RESOLUTION: Nugget and Fang resume their previously blissful friendship joined by Nugget’s fellow school mates. Now the enlightened minnows cavort with a shark in what would have been scandalous a day earlier. All is well, and “perfect” renews its status as the favored descriptive adjective of Nugget and Fang’s life.
THEME: The most important aspect of this book is it’s theme: the innate separateness of certain groups. The deeper version of this theme looks at our societal customs and ideas about cultural and social groups and their compatibility. In Nugget and Fang, those groups are sharks and minnows, which biologically speaking, ARE unsuited to friendship. Even kids know that minnows and sharks aren’t friends. But Nugget and Fang, like all animal characters in children’s stories, are stand-ins, they represent children. The beauty of Nugget and Fang is that Sauer has created two completely diverse characters that, for all intents and purposes, should NOT be friends. By creating characters that have no logical basis for friendship, Sauer encapsulates every possible bigotry and stereotype imaginable. She’s giving you the extremes, the very most impossible circumstances for mutual friendship. And then she has negated it all by making them best friends. And this is basis the for the conflict of the piece. Never underestimate the value of powerful conflict. A strong conflict is at the heart of every culturally valuable story.

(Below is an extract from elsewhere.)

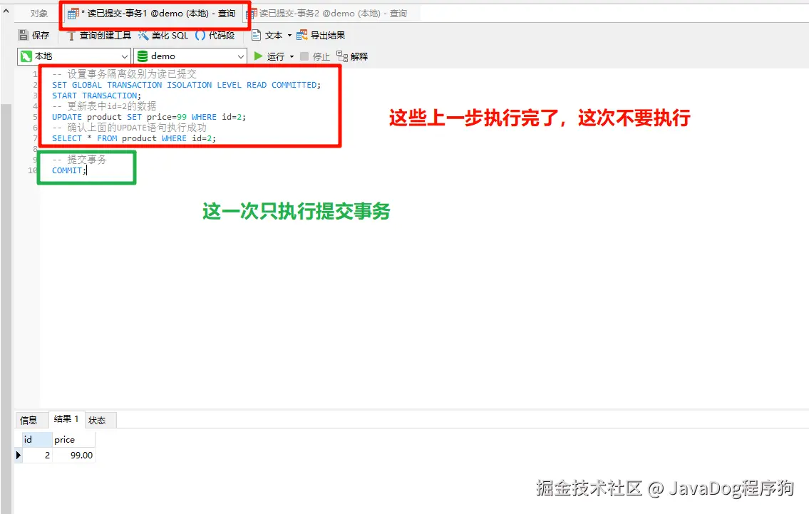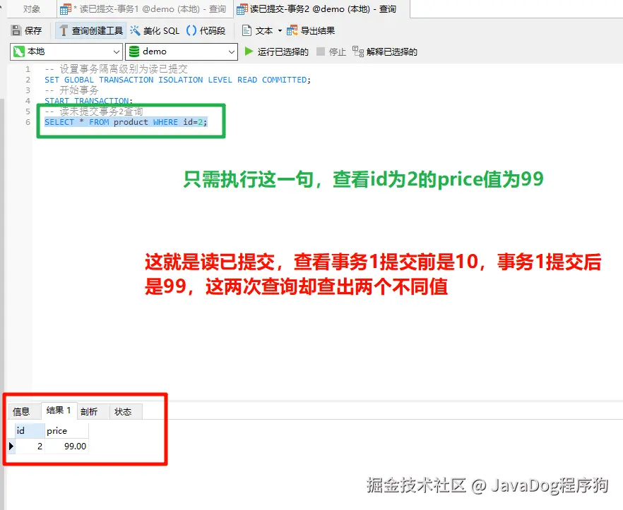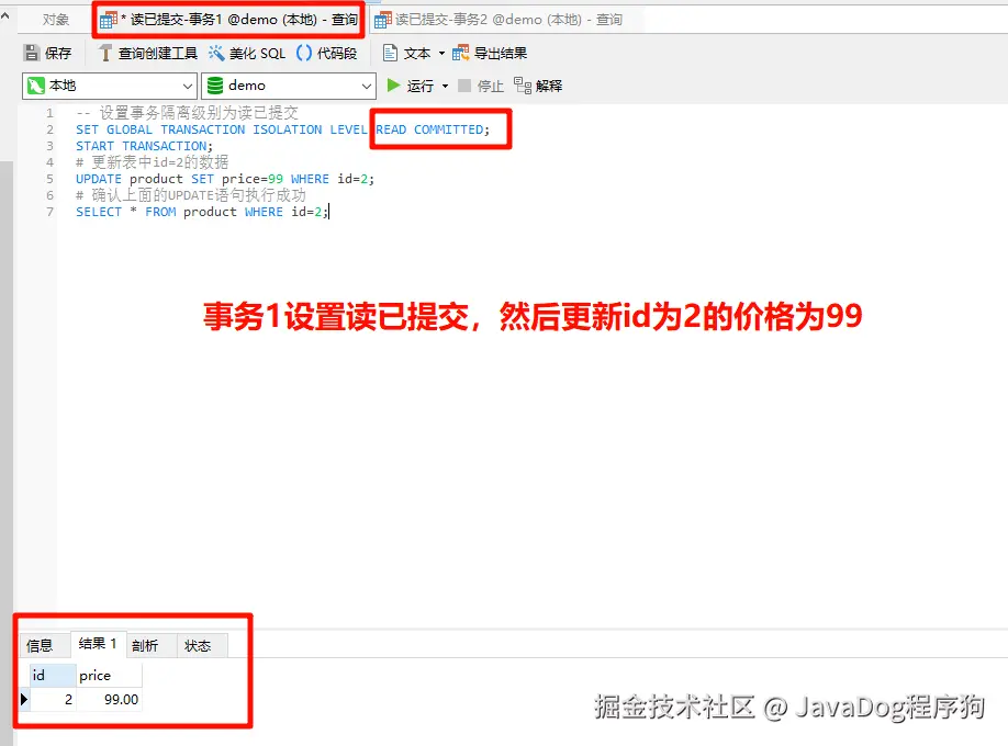 事务1设置事务隔离级别为读已提交,开启事务,修改产品表id=2的price为99,注意这里并未提交事务。

LITERARY ALLUSION: But look a little deeper at the story. Think about the words: sharks and minnows. Sharks and Minnows is a game played in swimming pools. Perhaps Sauer chose her animal prototypes based on this game, but I don’t think she did. I think it’s something more significant. One of the single most famous stories of our time, West Side Story, has this very theme at its heart. And the one thing everybody knows about West Side Story is that the two opposing gangs were called the Sharks and the Jets. The conflict between the Sharks and the Jets was more cultural than biological, but the main characters, like Nugget and Fang, were completely immune to it. It was the people around them who insisted that the groups could not mix. And if you’re still not impressed with Sauer’s level of classic literary allusion, let me point out that West Side Story is a modern remake of Romeo and Juliet. Shakespeare’s Montagues and Capulets were the first Jets and Sharks, (or Sharks and Minnows, if you will). So this theme is as old as the English literary renaissance. The conflict is exactly the same in all three stories: some groups of people cannot mix. But if we start teaching children to look past convention, to question the innate separateness of certain groups, we are teaching them to be open minded and maybe, hopefully, better people than the Montague’s and the Capulets, or the Jets and the Sharks.